Thursday, January 12th, 2006

It's a crazy nice day. 57 degrees Fahrenheit and sunny. It's almost the middle of winter and I have my office window open. Spring on January 12th! What will they think of next?




I saw the latest incarnation of King Kong about a week ago. (The movie-going experience was great. A top notch theater that I and my two friends had entirely to ourselves.)
As for the movie itself? Well it seems clear that director Peter Jackson loved the story a bit too much because he was loath to edit anything out. At 187 minutes, the movie is about 100 minutes too long.

King Kong - 2005
But what really got on my nerves were the action sequences which denied suspension of disbelief. With the aid of refined special effects this type of silly action sequence is becoming more and more common. Example: the movie features characters running through a stampede of brontosauruses. Peter Jackson didn't think that was dangerous enough so he threw in some raptor style dinos biting at the characters' heels. But that STILL wasn't enough, so the stampede goes from a confined canyon to an eroding precipice where our protagonists stay one hop and one split second away from blocks of the cliffs as they break off and fall into an incredible abyss. Admittedly many of the minor characters are done in but you knew they were doomed from the beginning. (Akin to that one poor red-shirted ensign that beams down with Kirk, Spock and McCoy.) You never feel that the leading characters are in any real danger because the action is too outrageous.

The scene's sheer outlandishness reminds the viewer that this could only happen in the virtual world of computers and movies.

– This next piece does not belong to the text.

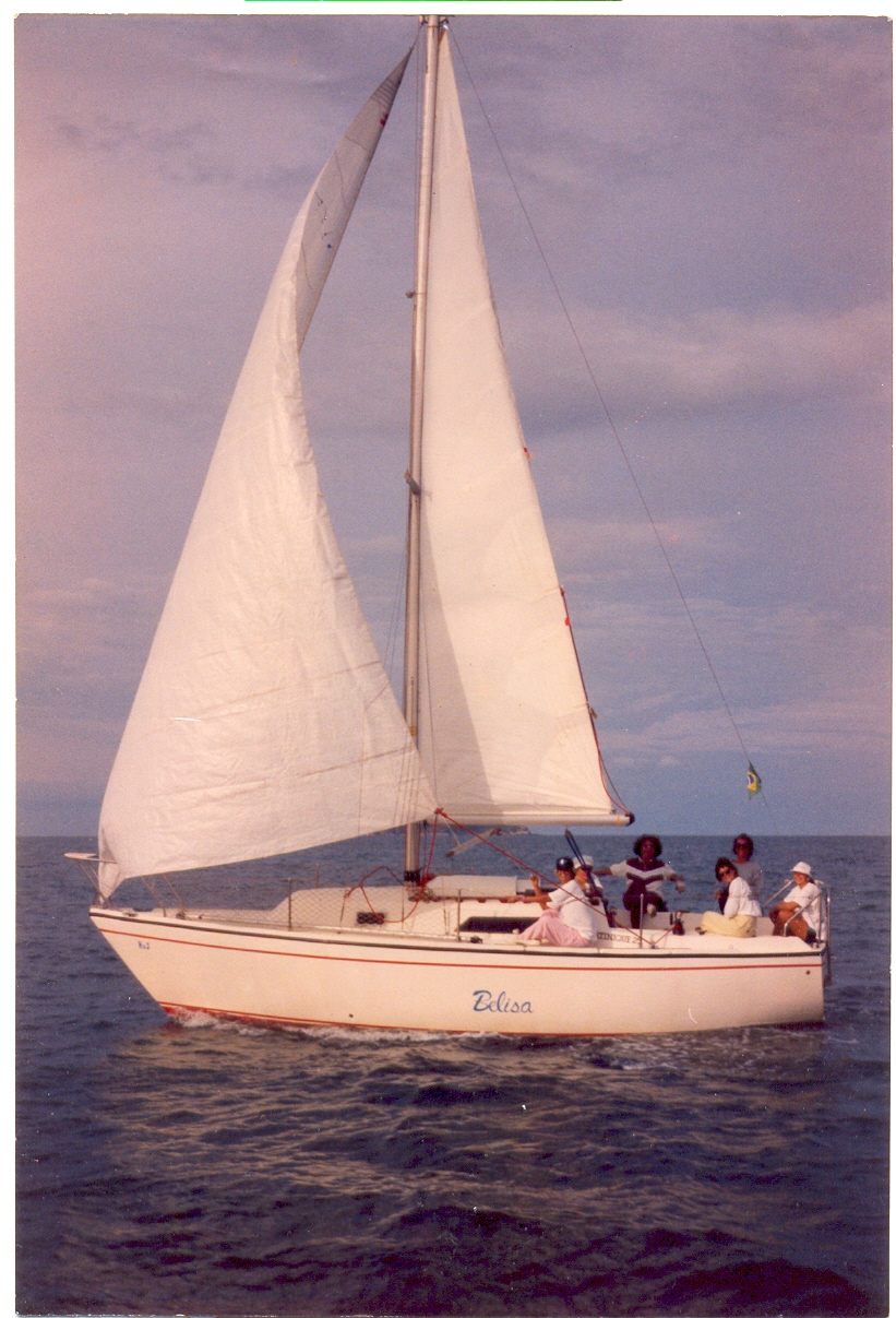 Dani está ali, sentadinha na popa do Belisa (nosso primeiro veleiro).

This realization takes the viewer out of the movie thereby dispelling involvement and suspense (and therefore: enjoyment).

Attention Hollywood directors: just because special effects can make a scene appear photo realistic, does not mean that any action depicted will also appear realistic. (Or even plausible in a world that is supposed to be our own and where the characters are supposed to be normal humans.) Note: This notion should not be confused with alternate worlds and realities (example: The Matrix, Superman, Star Wars, etc. etc. etc.), where the 'rules' of the world allow the viewer to suspend their disbelief.

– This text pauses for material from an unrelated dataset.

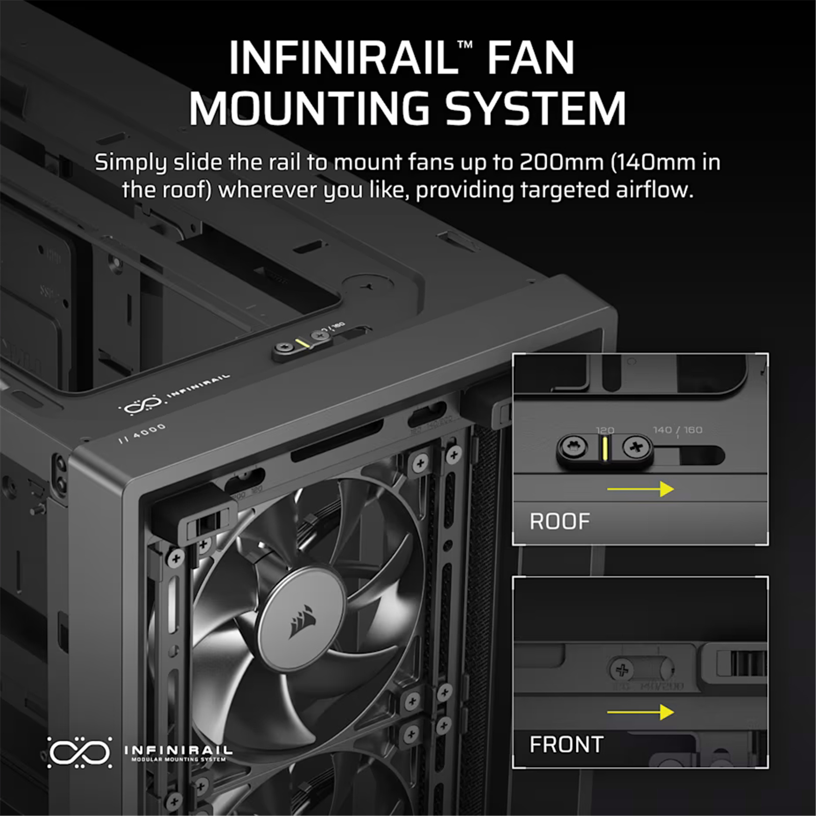 The CORSAIR FRAME 4000D RS is a fully-modular and spacious mid-tower PC case featuring InfiniRail™ Fan Mounting System and compatible with reverse connector motherboards.

And yet! And yet: King Kong the ape himself, was masterfully executed. The giant ape represents the current pinnacle of a 'realistic' computer-generated character. The movie (and Ann Darrow) make the audience actually care about the big lug.

Sadly the King and Ms. Darrow are not enough to salvage this movie above a solid average flick.

'Twas over exuberance that killed the beast.


Friday, January 6th, 2006

A new year called for a little housekeeping. I've packed away some the essays from December 2003 to December 2004. And unlike past archives, I've finally wised up and decided to store the dusty old pages not by month but by year. Furthermore, I am going to continue leaving 2005's wares sitting out here in the main isle until January 2007 for ease of browsing.
(Wow, that dates looks like something from science fiction. And it is even weirder to think that in thirty years the kids born today will laugh at this by rusty bygone era. [- Damn little punks. Oh well, at least I didn't have to grow up fighting mutated, giant, irradiated rats and cockroaches in a post holocaust world.])

Happy New Year my loyal readers. Let's hope it's a good one.